▸ INSTRUCTIONS TO FOLLOW:
Give the lines again exactly as they appear below, from the line with "Il set include" to the line with "10点半不到,突然有一大群穿", both included, and only those lines. Leave every picture out.

ENTRIES SHOWN Start Marker

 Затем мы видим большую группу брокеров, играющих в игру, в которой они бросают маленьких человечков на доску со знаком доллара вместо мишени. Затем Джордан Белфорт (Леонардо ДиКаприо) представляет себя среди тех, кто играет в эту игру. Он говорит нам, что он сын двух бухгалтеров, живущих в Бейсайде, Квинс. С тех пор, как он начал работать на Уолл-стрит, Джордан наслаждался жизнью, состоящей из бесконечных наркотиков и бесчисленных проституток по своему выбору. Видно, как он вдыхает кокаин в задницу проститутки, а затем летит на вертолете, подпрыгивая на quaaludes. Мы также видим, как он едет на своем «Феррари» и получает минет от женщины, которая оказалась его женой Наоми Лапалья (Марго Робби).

ENTRIES SHOWN End Marker
ENTRIES SHOWN Start Marker

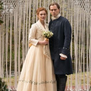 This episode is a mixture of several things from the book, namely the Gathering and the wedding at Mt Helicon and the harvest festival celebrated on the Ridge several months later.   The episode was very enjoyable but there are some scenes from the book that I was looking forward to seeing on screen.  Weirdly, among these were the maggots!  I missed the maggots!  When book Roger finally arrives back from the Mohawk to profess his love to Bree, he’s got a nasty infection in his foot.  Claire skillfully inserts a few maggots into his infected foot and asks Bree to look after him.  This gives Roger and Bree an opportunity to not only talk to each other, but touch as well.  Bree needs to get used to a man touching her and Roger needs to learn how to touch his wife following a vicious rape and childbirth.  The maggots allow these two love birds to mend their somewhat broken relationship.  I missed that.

ENTRIES SHOWN End Marker
ENTRIES SHOWN Start Marker

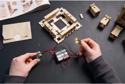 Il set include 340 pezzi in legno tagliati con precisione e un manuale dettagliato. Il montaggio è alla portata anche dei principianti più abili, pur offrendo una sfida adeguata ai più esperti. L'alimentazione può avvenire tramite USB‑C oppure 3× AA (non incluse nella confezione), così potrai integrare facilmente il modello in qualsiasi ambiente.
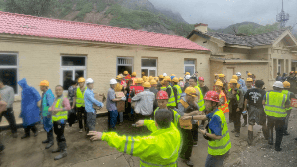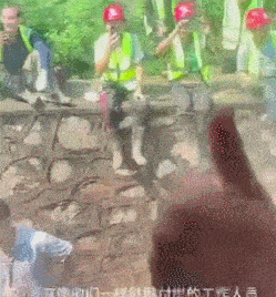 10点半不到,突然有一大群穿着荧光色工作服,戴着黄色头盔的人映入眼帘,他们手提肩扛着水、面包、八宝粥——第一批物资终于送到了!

ENTRIES SHOWN End Marker

▸ EXERCISE ANSWER:
 Il set include 340 pezzi in legno tagliati con precisione e un manuale dettagliato. Il montaggio è alla portata anche dei principianti più abili, pur offrendo una sfida adeguata ai più esperti. L'alimentazione può avvenire tramite USB‑C oppure 3× AA (non incluse nella confezione), così potrai integrare facilmente il modello in qualsiasi ambiente.
 10点半不到,突然有一大群穿着荧光色工作服,戴着黄色头盔的人映入眼帘,他们手提肩扛着水、面包、八宝粥——第一批物资终于送到了!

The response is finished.